Kitaplar, büyük ölçüde bürokratlar tarafından planlanacak ve o kadar çok elden geçecekler ki bittiklerinde, Ford marka bir otomobilin montaj hattının sonunda olduğundan daha bireysel bir ürün olmayacaklar.
Entelektüel özgürlüğe ve nesnel gerçeklik tasavvuruna yapılan her saldırının uzun vadede tüm düşünce dallarını tehdit ettiğini göremiyorlar.
Günah, yaptığın bir şey olmak zorunda değildi, başına gelen bir şey de olabilirdi. Ama ne olursa olsun, bu, çocukluğumda aldığım büyük ve kalıcı bir dersti: İyi olmamın mümkün olmadığı bir dünyadaydım. Ve içine fırlatılıp atıldığım çevrenin acımasızlığını ilk kez fark etmemi sağlayan çifte dayak bir dönüm noktasıydı.
O zaman güçlülerin yönettiği bir dünyada güçsüzlere sunulan ahlaki ikilemin ötesini göremiyordum: Kuralları çiğne ya da yok ol.
DEĞERLENDİRME:
Konu: Eserde, yazarın dönemin toplumsal gerçeklerine ve insanlığın temel kavramlarına ilişkin düşüncelerine yer verilmektedir.
Üslup: Orwell’in romanlarında görülen üslubun aynı şekilde kendi düşünce yazılarında da mevcut olduğu görülmektedir. Bu durum, yazar ile okuyucu arasında muhabbet ediyormuş hissini uyandırdığı gibi, yazarın düşüncelerinin romanlarda olduğu gibi karakter perdesinin kaldırılarak doğrudan ulaşılabileceği bir eserin meydana getirilmesini sağlamaktadır.
Özgünlük: Eser niteliği itibariyle bu kategoride değerlendirilmeyecektir.
Karakter: Eser niteliği itibariyle bu kategoride değerlendirilmeyecektir.
Akıcılık: Üslup bölümünde ifade edilen hususlara dikkat edildiğinde, eserin türüne göre oldukça sürükleyici bir yapısının olduğu ifade edilmelidir. Yazının düşünce kısımlarının yazarın doğrudan anılarıyla bezenmesi neticesinde okuyucu için bir olay örgüsü oluşma hissiyatının bu unsura müspet yönde büyük bir katkı sağladığının belirtilmesi gerekmektedir.
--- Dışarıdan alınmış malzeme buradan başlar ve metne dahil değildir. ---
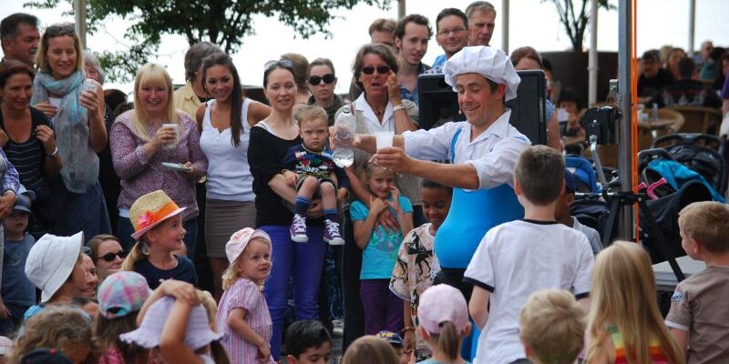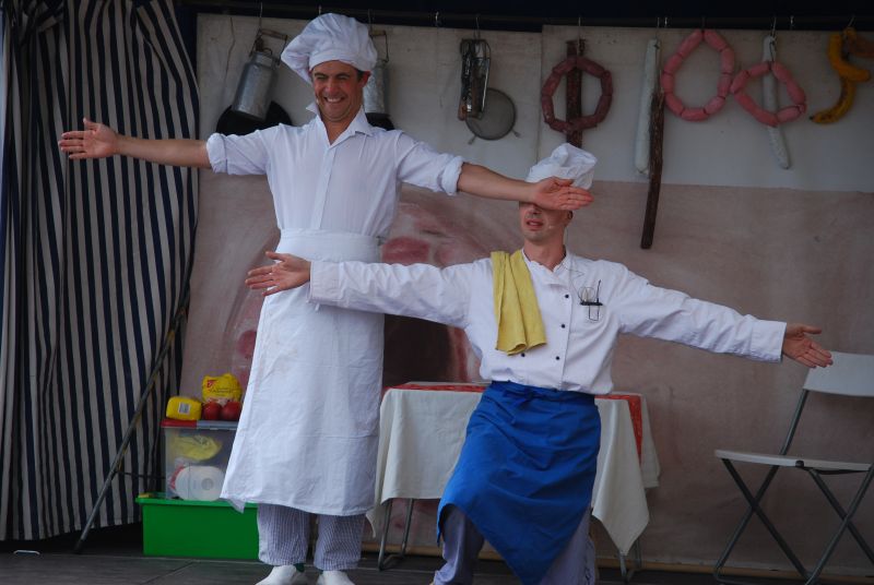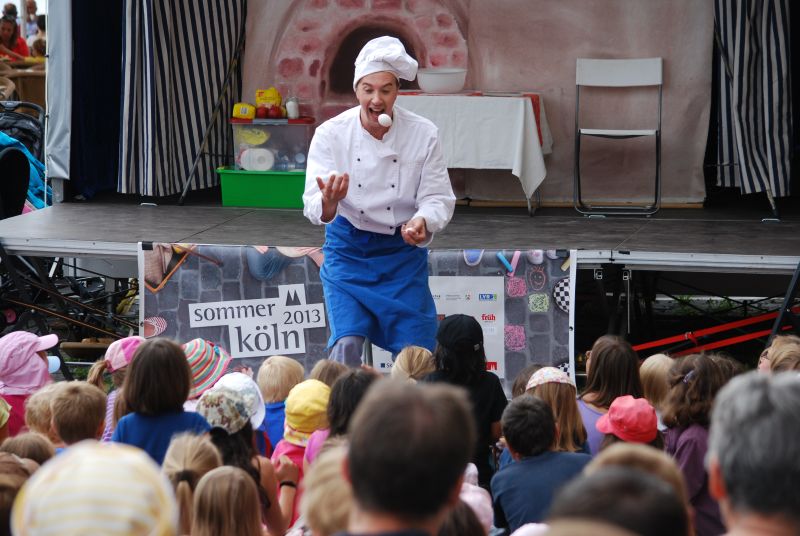 Es könnte ja sein, dass sie den Teig vorher aufgegessen haben oder dass sie beim Jonglieren, die Eier verlieren, oder das ihnen aus unerfindlichen Gründen die Äpfel ausgehen. Auch wenn der Apfelkuchen nicht fertig werden sollte, eines ist gewiss. Groß und Klein haben viel Spaß dabei, und ist ein Grund, vielleicht morgen um 16:00 Uhr im Altenberger Hof in Nippes vorbei zu schauen.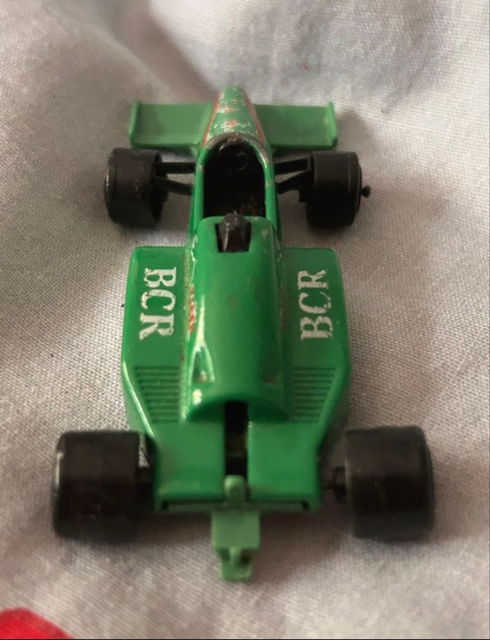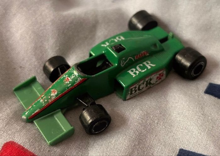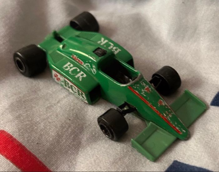 Je vends une voiture F1: - N'282 - Dimensions: Hauteur 02 cm, Largeur 04 cm, Longueur 08 cm Matière: Métal A l'échelle 1/55 Marque: « Majorette » Couleurs: Vert, Blanc, Rouge & Noir 1€

Genel: Yukarıda belirtilen kriterler uyarınca 10 üzerinden gerçekleştirilen değerlendirmede:
Konu: 8
Üslup: 8,5
Akıcılık: 8
puanlarını alan eserin genel ortalaması ise, 8,2 puandır. Eser, 8 barajının da üzerine geçen ve kesinlikle okunması gereken düşünce yazısı kitaplarından birisi olduğunu göstermektedir.
(*) : Alıntılar başlığındaki bütün kısımlar:
KİTAPLAR VE SİGARALAR
Yazar: George Orwell
Yayınevi: İthaki Yayınları
Baskı: 1. Baskı – Temmuz 2021
kapakta kullanılan fotoğraftaki kitaptan alıntı olarak kullanılmıştır.